### Brief
Without the pictures, repeat all of the data exactly as it appears below.

Collected data entries

***

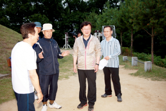 이른 아침인 새벽 5시에는 건강을 유지하기 위해 아침운동을 즐기는 많은 시민들이 태화봉 주변 오솔길을 찾았으며 권영세 안동시장은 자연스럽게 운동도 하며 시민들의 다양한 의견을 수렴했다.
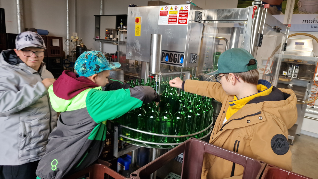 Besonders begeistert waren wir, dass wir beim Einsortieren der Flaschen selbst mithelfen durften. Zum Abschluss gab es eine Verkostung verschiedener Fruchtsäfte, bei der alle auf ihren Geschmack kamen.
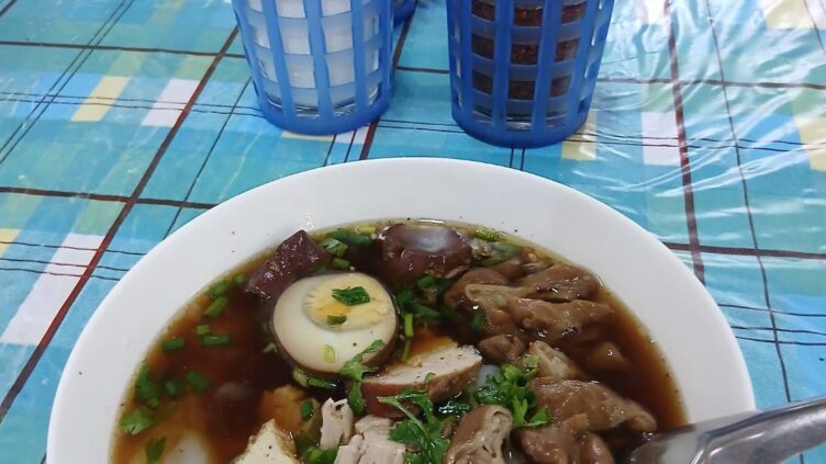 【タイ編】 NEW!KLメトロ至近距離にヌードル店がオープン パンチの効いたクイッティヤオはたっぷり野菜付でお得 50バーツ KLメトロ北側に聳えるサワディーサイアムホテルは、紫と白のまだら模様の壁面で威容を誇っている。その足元にこじんまりした食堂ができていた。茶色く澄んだスープにビーフン。牛肉もそこそこたくさん入っている。日頃、不足しがちな葉っぱを大量投入してスプーンで口へ運ぶ。 2025.10.04 【タイ編】Food
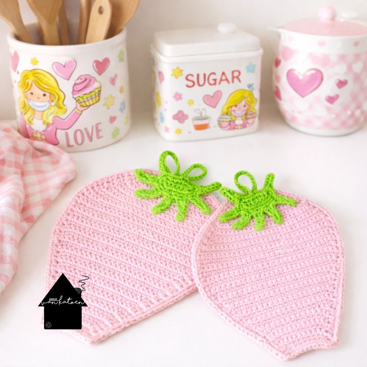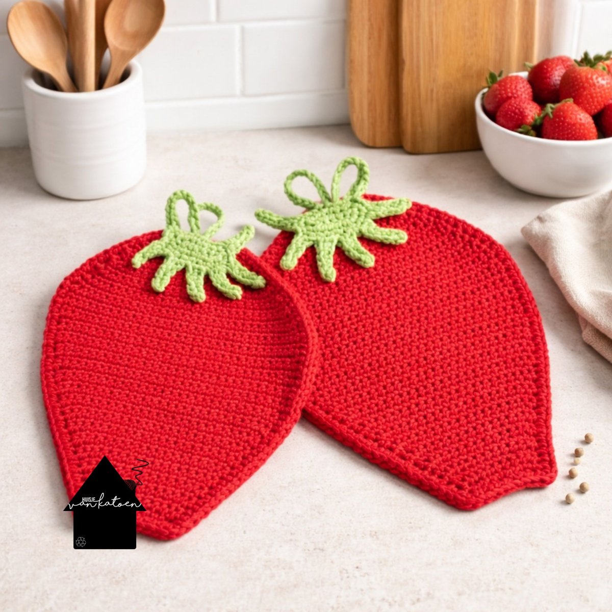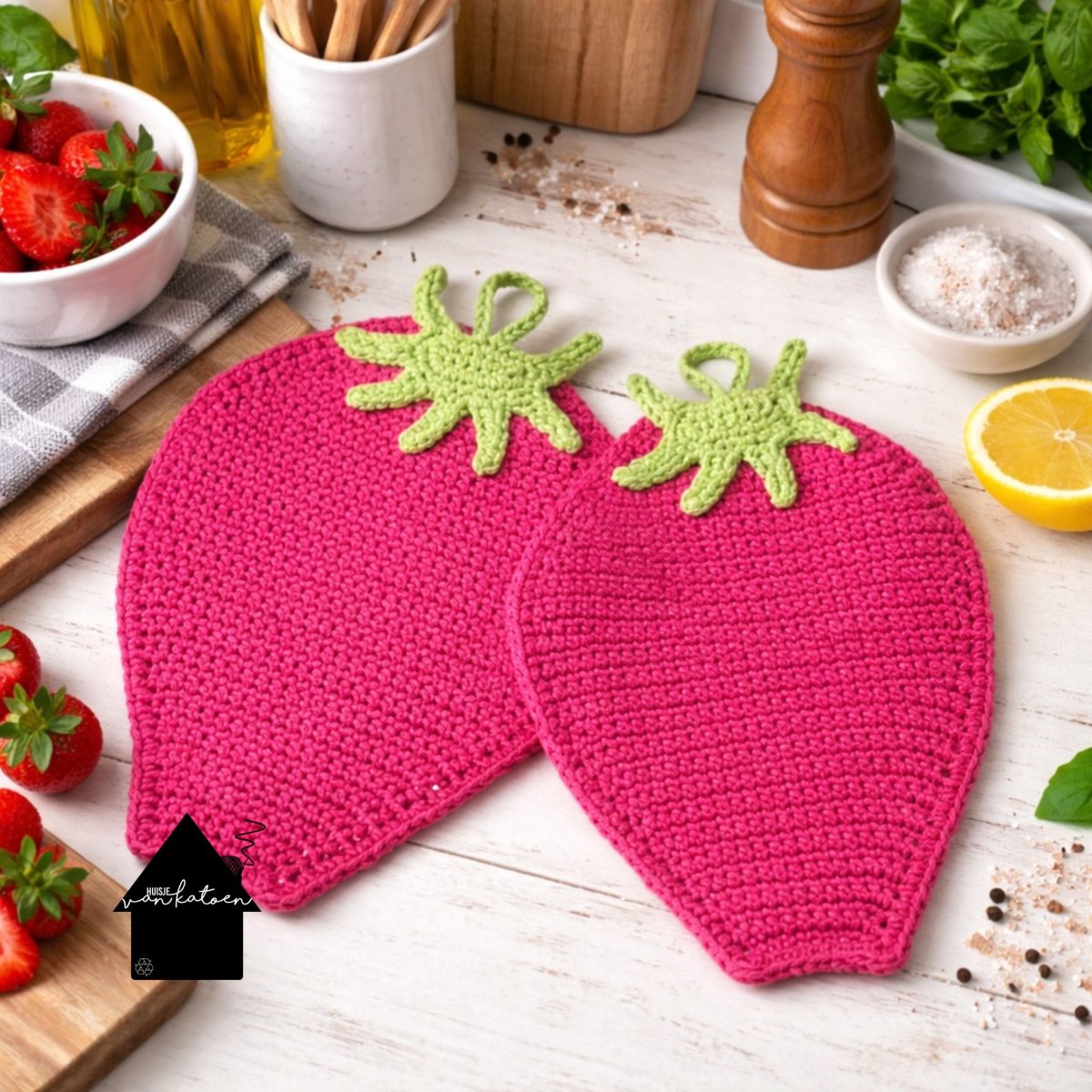 Ga je een project haken dat je later wilt wassen? Maak dan eerst een klein proeflapje en was dit op de temperatuur die jij van plan bent te gebruiken. Ons garen bestaat voor ongeveer 20% uit andere vezels, waardoor we vooraf niet kunnen voorspellen of (en hoeveel) het krimpt. We hebben zelf twee vaatdoekjes in verschillende kleuren getest op 60 graden: eentje werd ongeveer 1 cm kleiner, de ander helemaal niet. Bij deze pannenlappen raden we daarom aan om een proeflapje te haken met alle twee de kleuren en dit mee te wassen. Dan weet je precies wat je kunt verwachten… en kom je niet voor verrassingen te staan. Kleine moeite, groot plezier
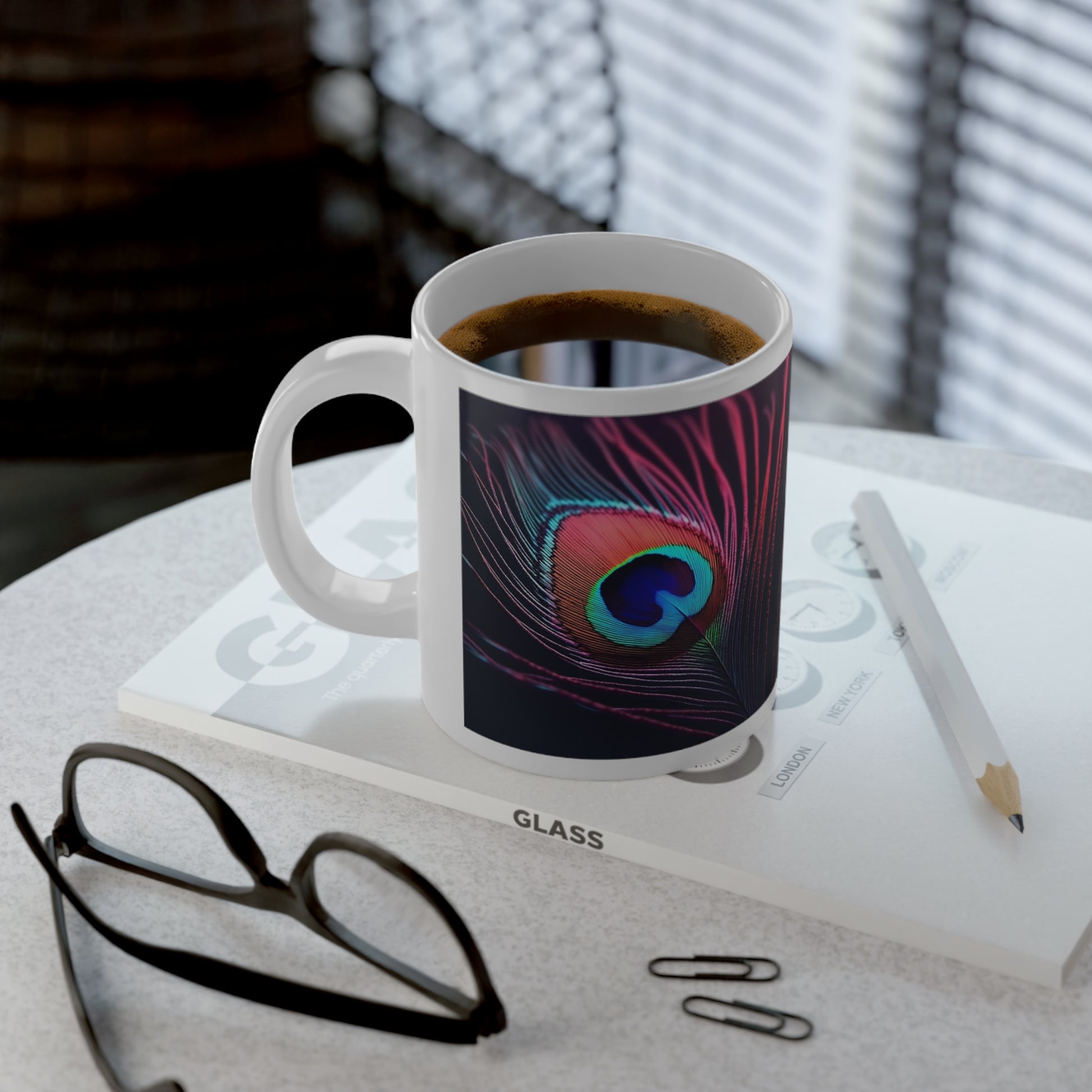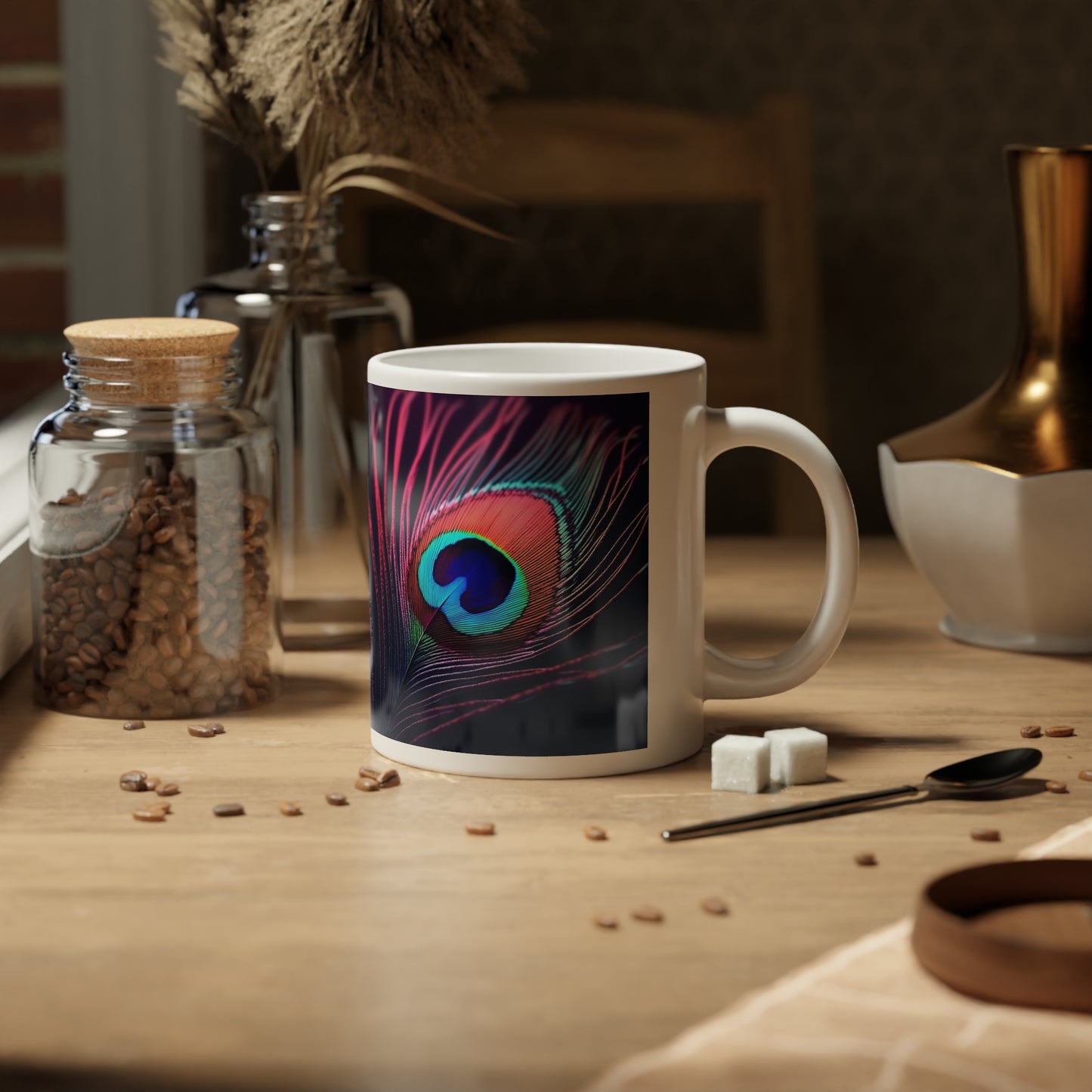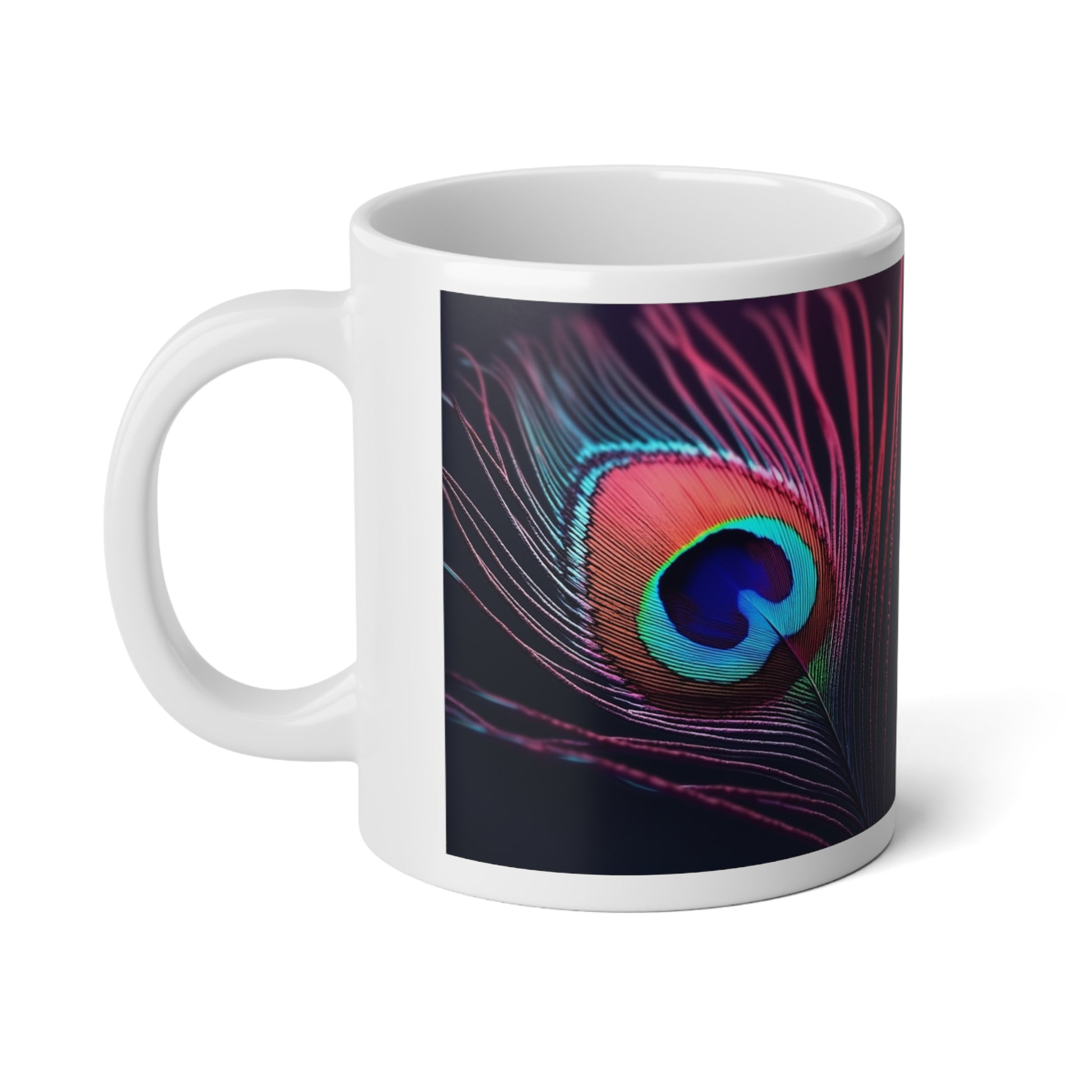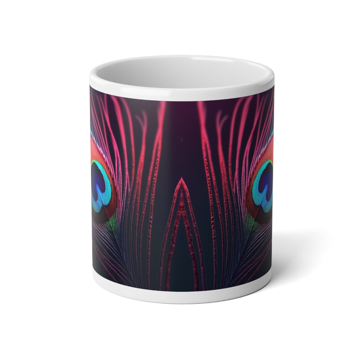 Jumbo Mug, 20oz, Peacock Eye Feather, Magenta | Tropical Coffee Cup

***

### Your solution
 이른 아침인 새벽 5시에는 건강을 유지하기 위해 아침운동을 즐기는 많은 시민들이 태화봉 주변 오솔길을 찾았으며 권영세 안동시장은 자연스럽게 운동도 하며 시민들의 다양한 의견을 수렴했다.
 Besonders begeistert waren wir, dass wir beim Einsortieren der Flaschen selbst mithelfen durften. Zum Abschluss gab es eine Verkostung verschiedener Fruchtsäfte, bei der alle auf ihren Geschmack kamen.
 【タイ編】 NEW!KLメトロ至近距離にヌードル店がオープン パンチの効いたクイッティヤオはたっぷり野菜付でお得 50バーツ KLメトロ北側に聳えるサワディーサイアムホテルは、紫と白のまだら模様の壁面で威容を誇っている。その足元にこじんまりした食堂ができていた。茶色く澄んだスープにビーフン。牛肉もそこそこたくさん入っている。日頃、不足しがちな葉っぱを大量投入してスプーンで口へ運ぶ。 2025.10.04 【タイ編】Food
 Ga je een project haken dat je later wilt wassen? Maak dan eerst een klein proeflapje en was dit op de temperatuur die jij van plan bent te gebruiken. Ons garen bestaat voor ongeveer 20% uit andere vezels, waardoor we vooraf niet kunnen voorspellen of (en hoeveel) het krimpt. We hebben zelf twee vaatdoekjes in verschillende kleuren getest op 60 graden: eentje werd ongeveer 1 cm kleiner, de ander helemaal niet. Bij deze pannenlappen raden we daarom aan om een proeflapje te haken met alle twee de kleuren en dit mee te wassen. Dan weet je precies wat je kunt verwachten… en kom je niet voor verrassingen te staan. Kleine moeite, groot plezier
 Jumbo Mug, 20oz, Peacock Eye Feather, Magenta | Tropical Coffee Cup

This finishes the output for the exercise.